RD has been all about pregnancy this week, from Sarah Sentille’s re-visioning of the commandment to go forth, etc., in a passionate call for a planet-first ethic, to Sarah Morice-Brubaker’s close reading of Ross Douthat’s remarkable feat: a column devoted to the need for patriotic procreation that somehow elides the role of pregnant women in the whole matter.
And now my co-Editor, Evan Derkacz, writes (over at The Frisky—the competition!) to set the record straight: non-stop nausea during pregnancy cannot be relieved with crackers.
Why? Because someone over at Gawker recently leapt at the chance to make fun of Princess Kate’s hospitalization for “hyperemesis gravidarum,” saying it’s “what they call regular old morning sickness when you’re a princess.” Which of course it’s not.
Evan offers up some history, some media critique, and a glimpse into the toilet bowl at his house.

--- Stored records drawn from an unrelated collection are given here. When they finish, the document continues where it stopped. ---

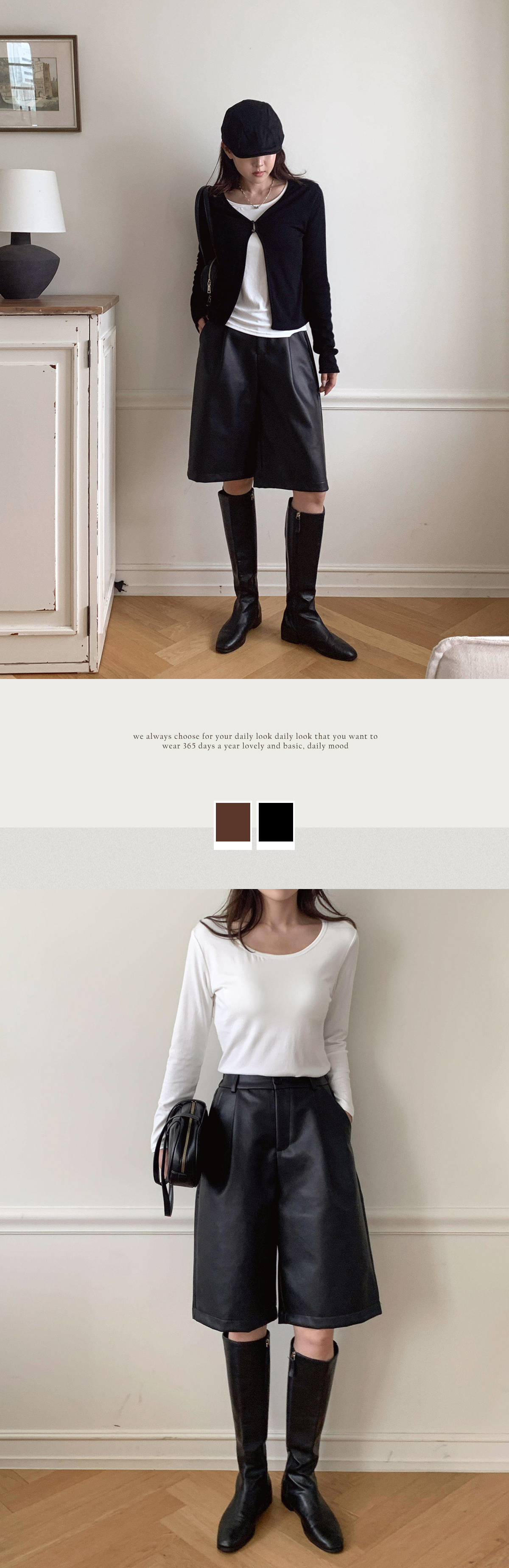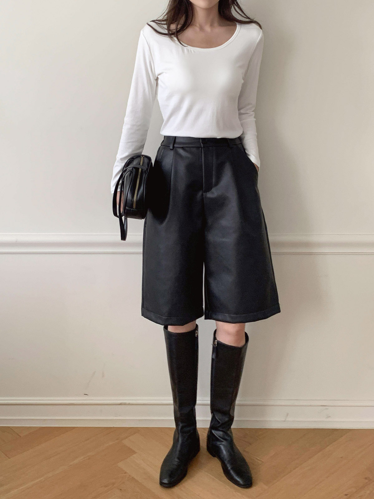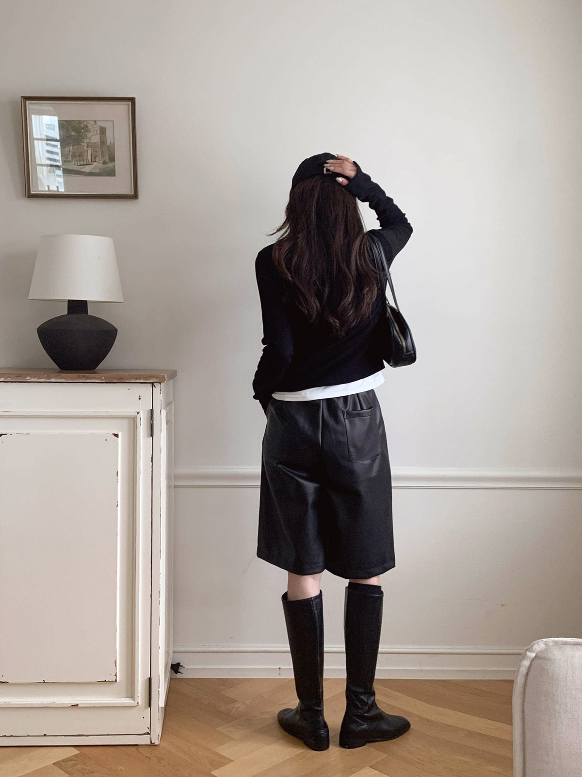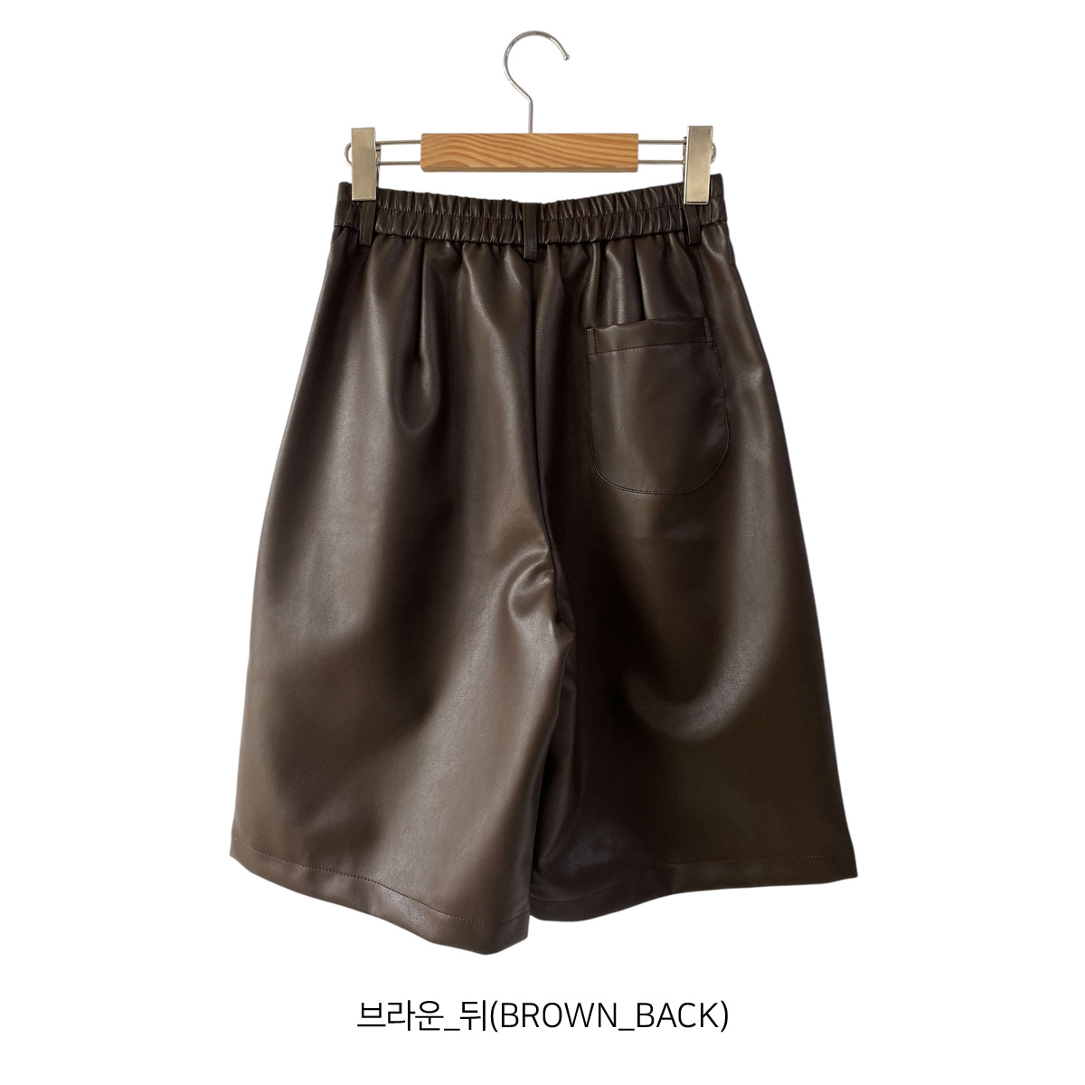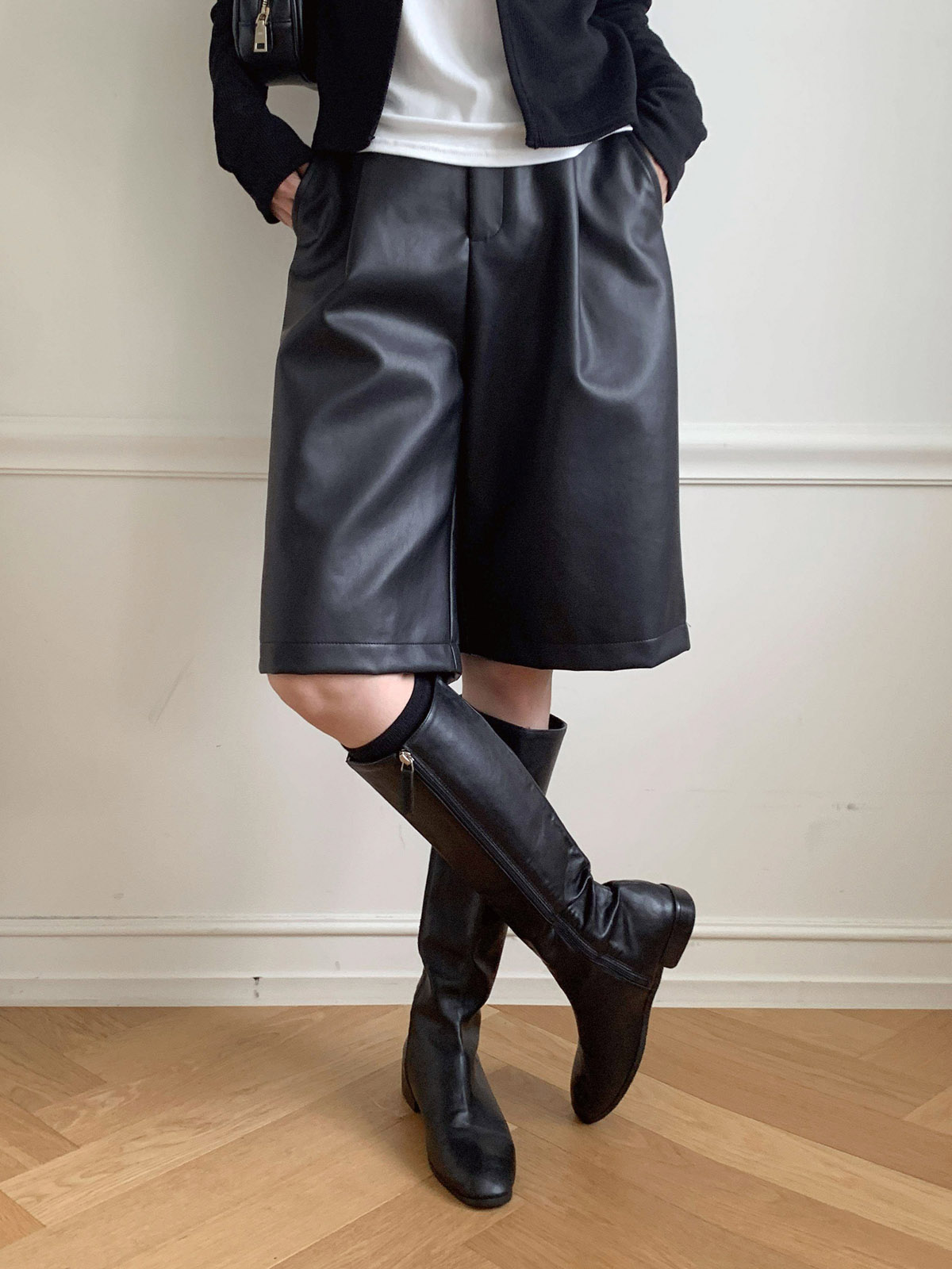 고급스러운 페이크 레더 소재감의 와이드 버뮤다 팬츠
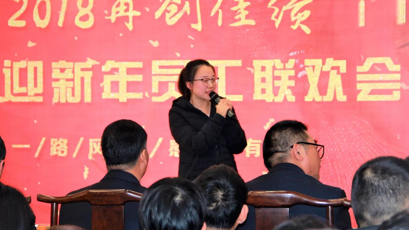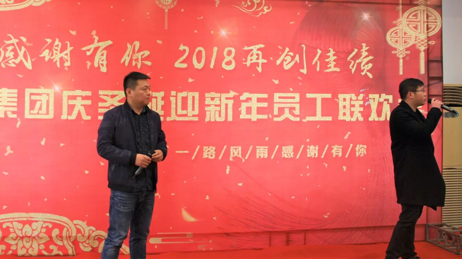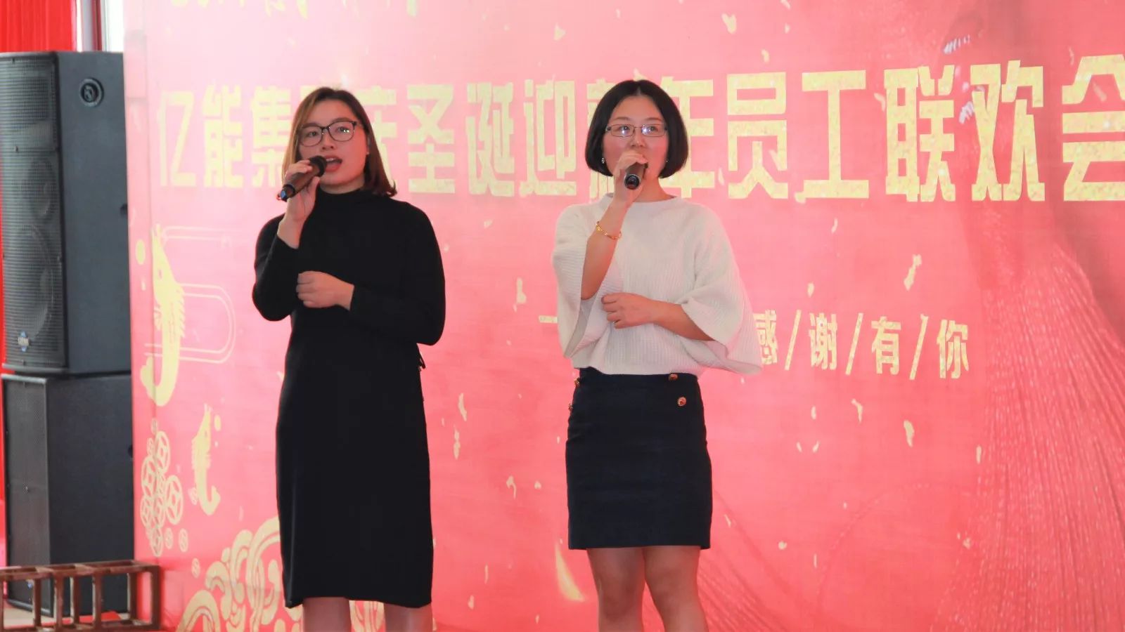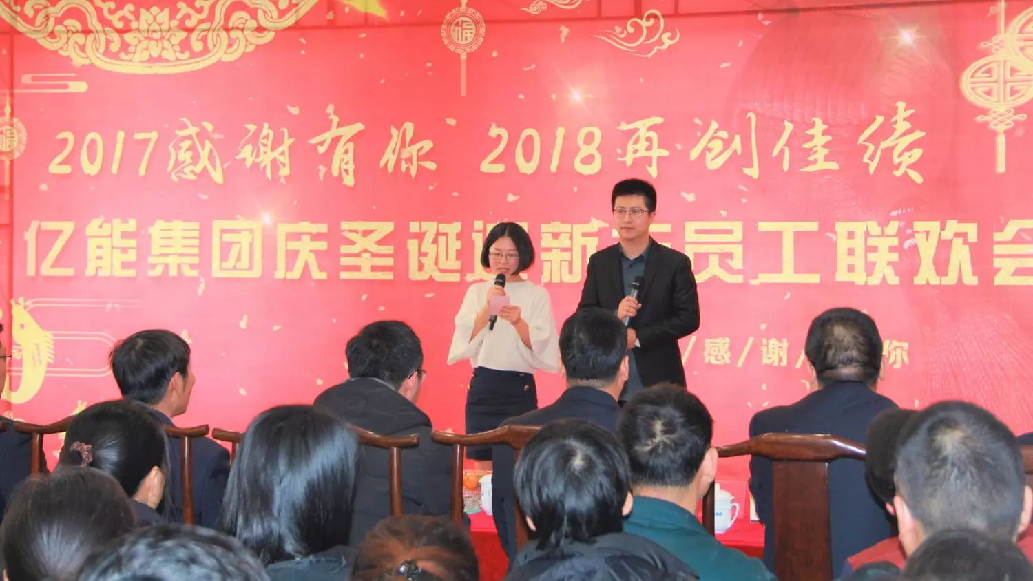 ▲主持人佘小程、谈博介绍联欢会节目 亿能员工济济一堂,欢声笑语,共度佳节。
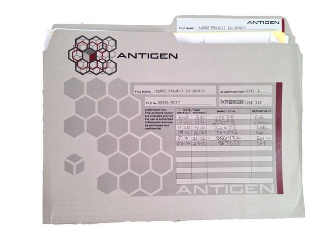 Antigen' Lab file folder with 'Antigen' name, logo, and project information printed on front, in and out times and ID numbers handwritten on front as well, and over 15 pages of paperwork within.(12"x10").
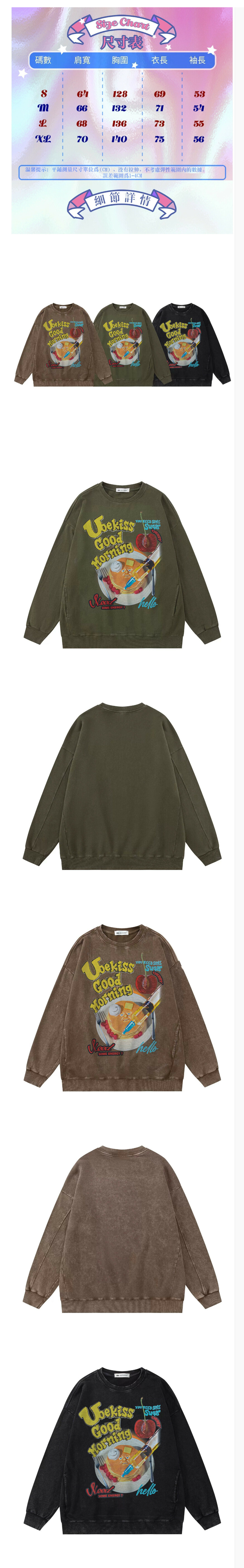 熱賣洗水圓領情侶卡通衛衣【咖啡】【S-XL碼】(下單後請聯絡客服確認發貨尺碼)
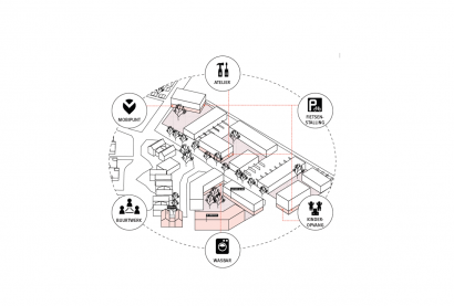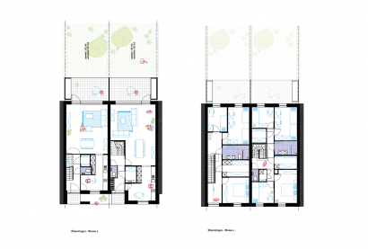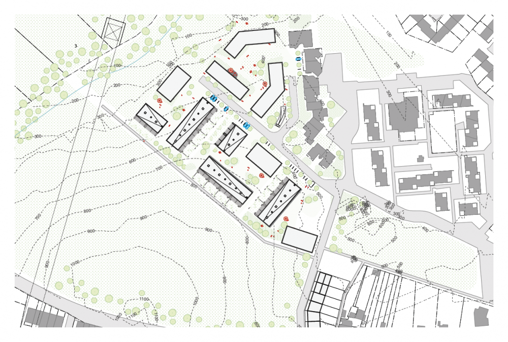 Wonen in clusters rond binnenhoven vormt het basisidee. Daarbij wordt erg ingezet op collectiviteit. Het landschap is collectief landschap: het moet kunnen doorlopen en iedereen moet ervan kunnen profiteren. De clusters worden daarom uitgedacht als poreuze clusters. Ze trekken het landschap binnen door te werken met verrassende doorzichten, doorwaadbare binnenhoven en fysieke connecties. De clusters worden gedraaid ten opzichte van elkaar, er is afwisseling tussen twee of drie bouwlagen en er wordt specifiek ingespeeld op de straathoeken. Binnen elke cluster worden de woonvolumes geschrankt, waardoor een binnenhof een constellatie wordt van één grote ruimte en twee kleinere. Kortom, elke cluster krijgt zijn eigen karakter.
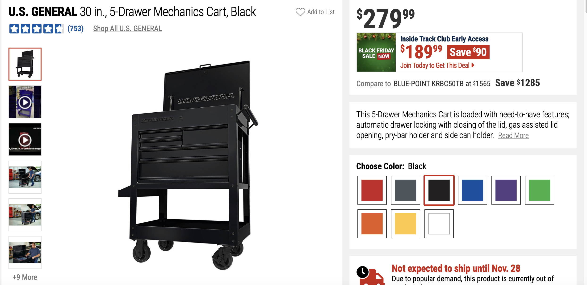 We leave the big box stores and head over to the discount king of the tool world, Harbor Freight. They have a storage piece on sale that would be great for your shop if you’re looking for a little extra storage. They have a 30″ 5 drawer mechanics cart on sale for $189 compared to the typical $279. This is a great way to had some functional storage for a shop.

The baby drops in a few weeks but Jac has been barfing since day one, defying all manner of well-meaning advice: ginger, carbs, no-carbs, crackers. Because it’s not morning sickness; it’s the-whole-time sickness. And it’s a medically acknowledged potentially dangerous complication.
Beyond an eloquent statement of co-feeling with his suffering wife, Evan’s essay is also a meditation on the way we roll around, in day to day life, with dried, cultural crap on our shoes. On a trip to France with Jac during which he was the sole ambulatory tourist, Evan wandered into an insight.
In one of the smaller, poorly kept churches a mural depicting fruit thieves Adam and Eve reminded me of one of G-d’s sentences: “To the woman he said, I will greatly increase your pangs in childbearing; in pain you shall bring forth children.” Is it possible we still harbor, deep down and in wholly secular terms, the idea that the suffering associated with bearing a child is punishment for Original Sin?
Let us now go forth and check our shoes.